■ Task item ■
Reproduce the listing below word for word and exclude any picture.

── Given data ──

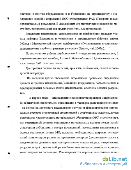 Тема диссертации продиктована актуальностью проблемы построения оптимальной системы материального обеспечения строительной фирмы. Имеется в виду, что система материального обеспечения - это, прежде всего, определенное прогрессивное мышление, методология, наиболее эффективная в масштабной производственно-хозяйственной организации.
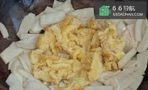 4炒锅放油加热,鸡蛋入锅炒熟后盛出
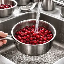 Opłucz żurawinę pod zimną wodą i odsącz. W małym rondelku o pojemności 1 l umieść żurawinę (100 g), dodaj 50 g brązowego cukru oraz 30 ml wody (ok. 30 g). Postaw rondel na średnim ogniu. Gdy zacznie się delikatnie gotować (małe bąbelki), zmniejsz ogień i gotuj 6-8 minut, mieszając drewnianą łyżką – żurawiny powinny pękać, a mieszanka stać się gęstsza i lekko błyszcząca. Po ugotowaniu zdejmij z ognia i odstaw na 3 minuty, następnie przeciśnij przez drobne sito, dociskając łyżką, aby uzyskać gładki syrop. Odstaw do lekkiego przestudzenia (do temperatury pokojowej).

───

■ Answer section ■
 Тема диссертации продиктована актуальностью проблемы построения оптимальной системы материального обеспечения строительной фирмы. Имеется в виду, что система материального обеспечения - это, прежде всего, определенное прогрессивное мышление, методология, наиболее эффективная в масштабной производственно-хозяйственной организации.
 4炒锅放油加热,鸡蛋入锅炒熟后盛出
 Opłucz żurawinę pod zimną wodą i odsącz. W małym rondelku o pojemności 1 l umieść żurawinę (100 g), dodaj 50 g brązowego cukru oraz 30 ml wody (ok. 30 g). Postaw rondel na średnim ogniu. Gdy zacznie się delikatnie gotować (małe bąbelki), zmniejsz ogień i gotuj 6-8 minut, mieszając drewnianą łyżką – żurawiny powinny pękać, a mieszanka stać się gęstsza i lekko błyszcząca. Po ugotowaniu zdejmij z ognia i odstaw na 3 minuty, następnie przeciśnij przez drobne sito, dociskając łyżką, aby uzyskać gładki syrop. Odstaw do lekkiego przestudzenia (do temperatury pokojowej).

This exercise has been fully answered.